- What is being asked
Reproduce the entries in full. Exclude all images from the copy.

- Provided entries
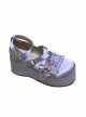 Cake Tower Series Satin Platform Wedge Doll Sense Ruffles Bowknot Pearl Cross Ribbon Sweet Lolita Shoes
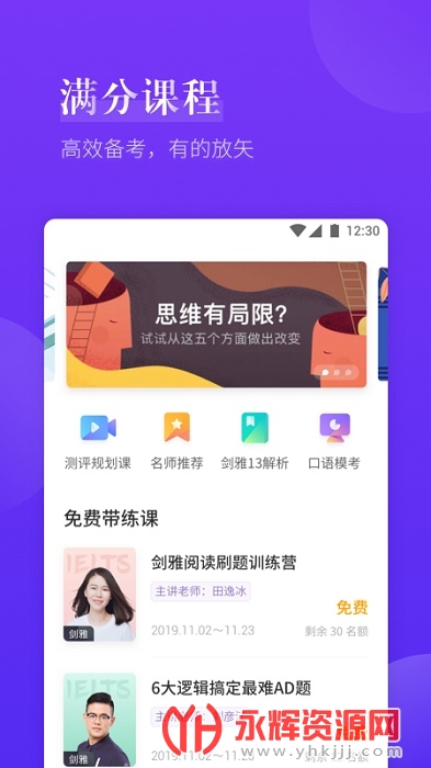 雅思考满分app是一款专业的英语学习软件,专为雅思备考学习打造,软件上有着海量的学习内容,覆盖了雅思听力、雅思阅读和雅思写作等等,为广大考生们提供了全面详细的学习资源,帮助大家更好的学习,助力雅思考满分!欢迎感兴趣的朋友们前来永辉资源网下载!
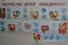 новогодних петушков - символ года. И оформили выставку для родителей.
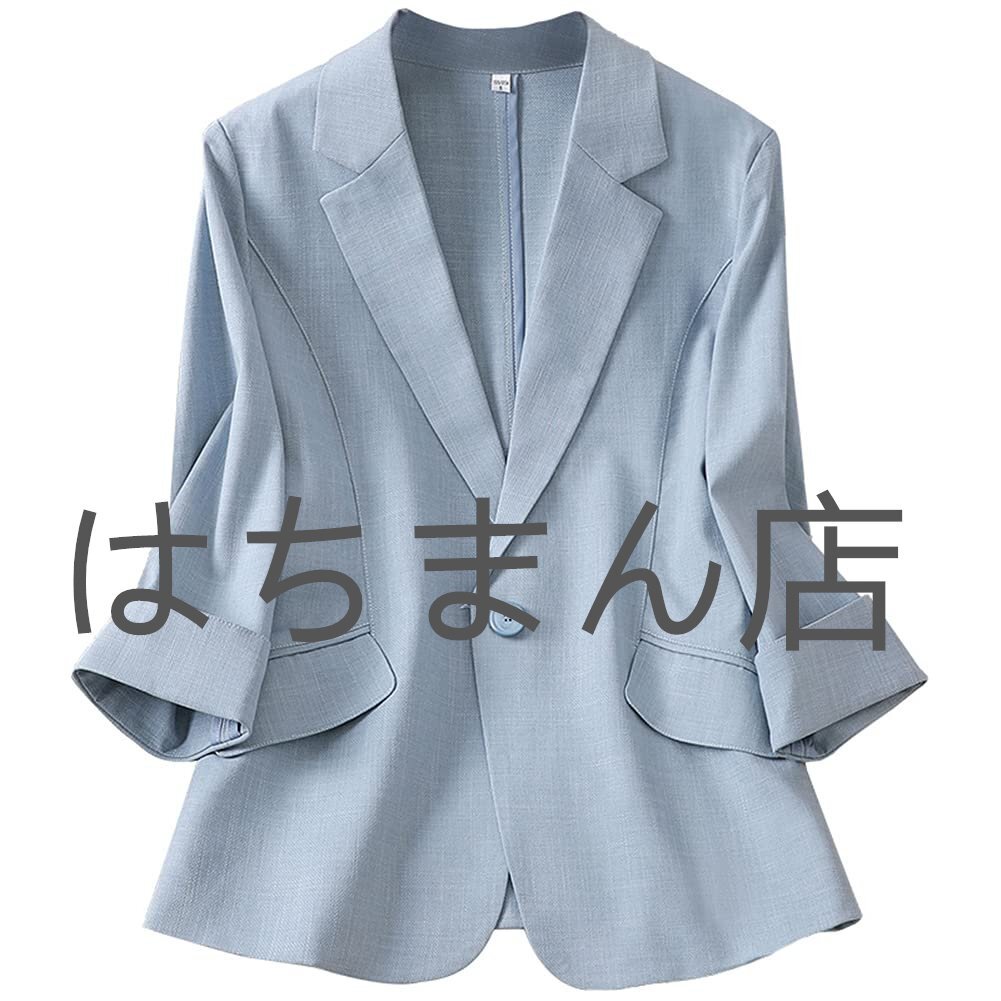 - テーラードジャケット リネン レディース アウター シンプル 麻混 裏地なし 7分袖 春 羽織り 春夏 カジュアル 綿混 麻 スカイブルー S-XL
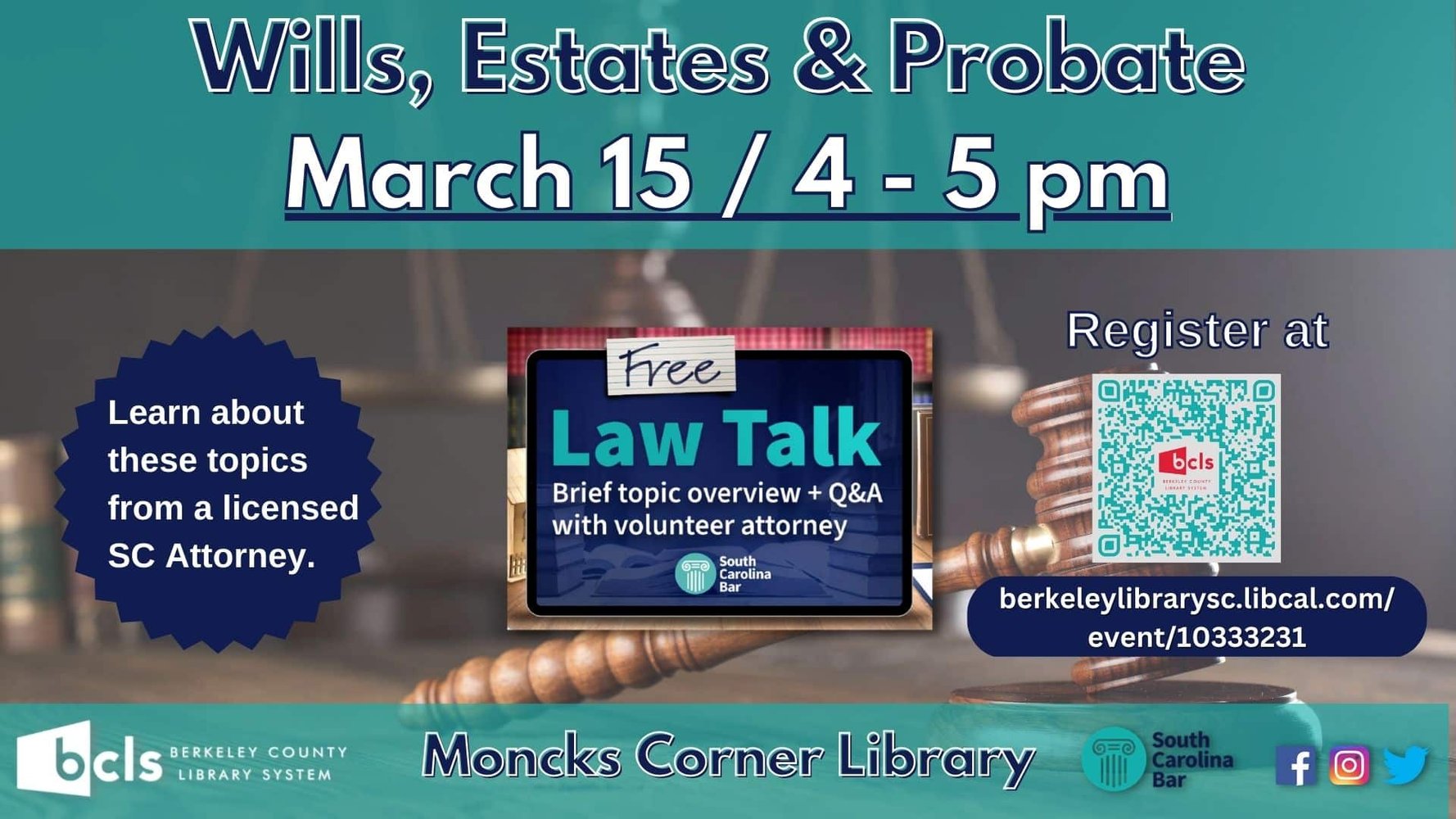 Berkeley County Library System (BCLS), in collaboration with the South Carolina Bar, is co-hosting Law Talk: Wills, Estates and Probate on Wednesday, March 15th, from 4 to 5 pm at Moncks Corner Library, located at 1003 Highway 52, Moncks Corner. The three topics will be presented by Malena Dinwoodie, Esquire.
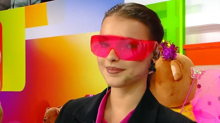 В какой-то момент Косторная подсела в команду зеленых (но как только ее показали, со смехом сбежала к своим). Обсуждали будни материнства?
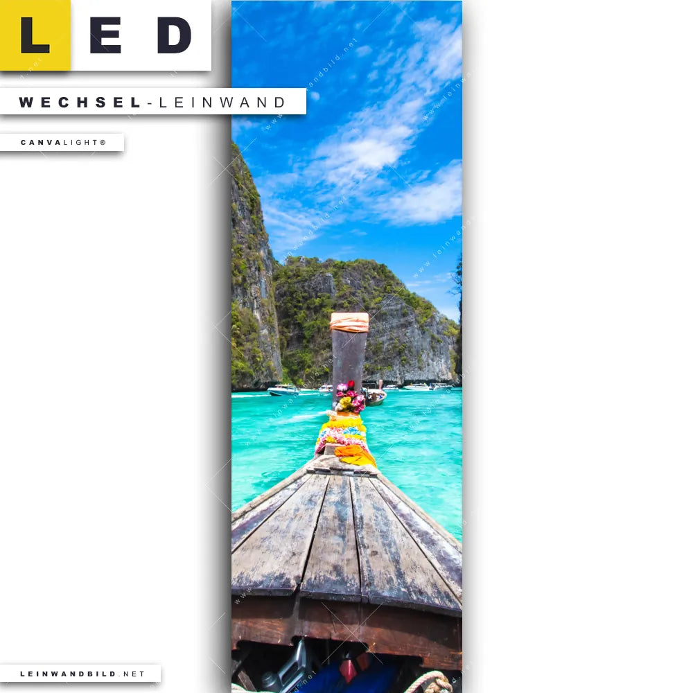 Du bist auf der Suche nach einer Landschaften, Strand - Meer Wechsel-Leinwand für Dein LED-Leinwandbild im Schmalen Format? Begriffe wie Meer, Strand, Thailand, Bucht, Asien, Sommer, Boot, Felsen, Berg, Südsee - Karibik, Urlaub - Reisen haben Dich auf der Suche nach Deiner Ersatz-Leinwand für dein LED Wandbild im Panorama-Hochformat mit wechselbarer Leinwand inspiriert? Farben wie Blau, Türkis, Weiss, Grün dürfen auf Deinem neuen Wechselmotiv für Dein XXL Leinwand-LED-Bild nicht fehlen und Leinwände im Natürlich - Realistisch Stil für Leuchtbilder passen perfekt zu Deinem Einrichtungsstil?
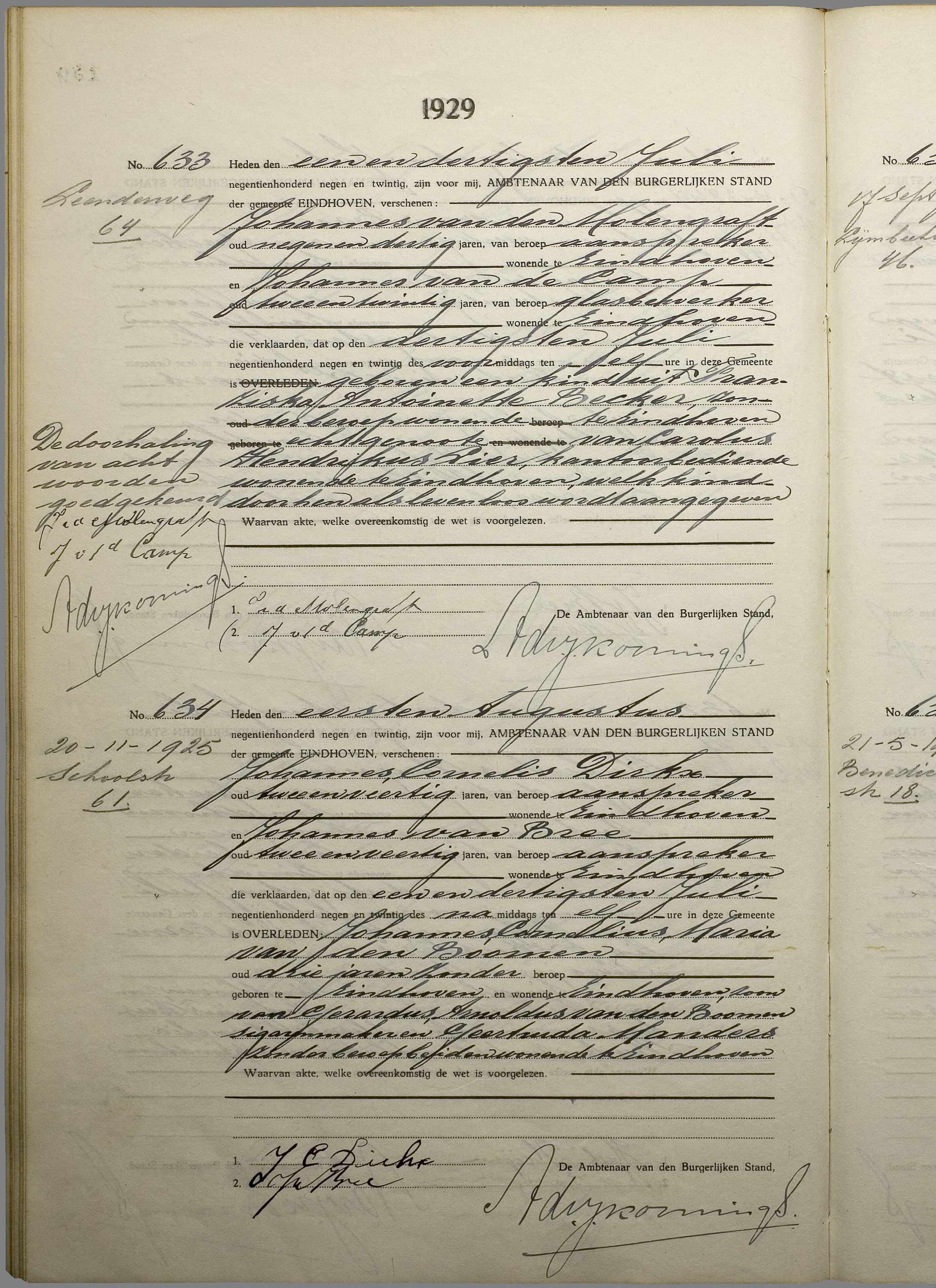 | Notitie bij overlijden Overlijdensakte 634 EHV 1929 |

- Answer section
 Cake Tower Series Satin Platform Wedge Doll Sense Ruffles Bowknot Pearl Cross Ribbon Sweet Lolita Shoes
 雅思考满分app是一款专业的英语学习软件,专为雅思备考学习打造,软件上有着海量的学习内容,覆盖了雅思听力、雅思阅读和雅思写作等等,为广大考生们提供了全面详细的学习资源,帮助大家更好的学习,助力雅思考满分!欢迎感兴趣的朋友们前来永辉资源网下载!
 новогодних петушков - символ года. И оформили выставку для родителей.
 - テーラードジャケット リネン レディース アウター シンプル 麻混 裏地なし 7分袖 春 羽織り 春夏 カジュアル 綿混 麻 スカイブルー S-XL
 Berkeley County Library System (BCLS), in collaboration with the South Carolina Bar, is co-hosting Law Talk: Wills, Estates and Probate on Wednesday, March 15th, from 4 to 5 pm at Moncks Corner Library, located at 1003 Highway 52, Moncks Corner. The three topics will be presented by Malena Dinwoodie, Esquire.
 В какой-то момент Косторная подсела в команду зеленых (но как только ее показали, со смехом сбежала к своим). Обсуждали будни материнства?
 Du bist auf der Suche nach einer Landschaften, Strand - Meer Wechsel-Leinwand für Dein LED-Leinwandbild im Schmalen Format? Begriffe wie Meer, Strand, Thailand, Bucht, Asien, Sommer, Boot, Felsen, Berg, Südsee - Karibik, Urlaub - Reisen haben Dich auf der Suche nach Deiner Ersatz-Leinwand für dein LED Wandbild im Panorama-Hochformat mit wechselbarer Leinwand inspiriert? Farben wie Blau, Türkis, Weiss, Grün dürfen auf Deinem neuen Wechselmotiv für Dein XXL Leinwand-LED-Bild nicht fehlen und Leinwände im Natürlich - Realistisch Stil für Leuchtbilder passen perfekt zu Deinem Einrichtungsstil?
 | Notitie bij overlijden Overlijdensakte 634 EHV 1929 |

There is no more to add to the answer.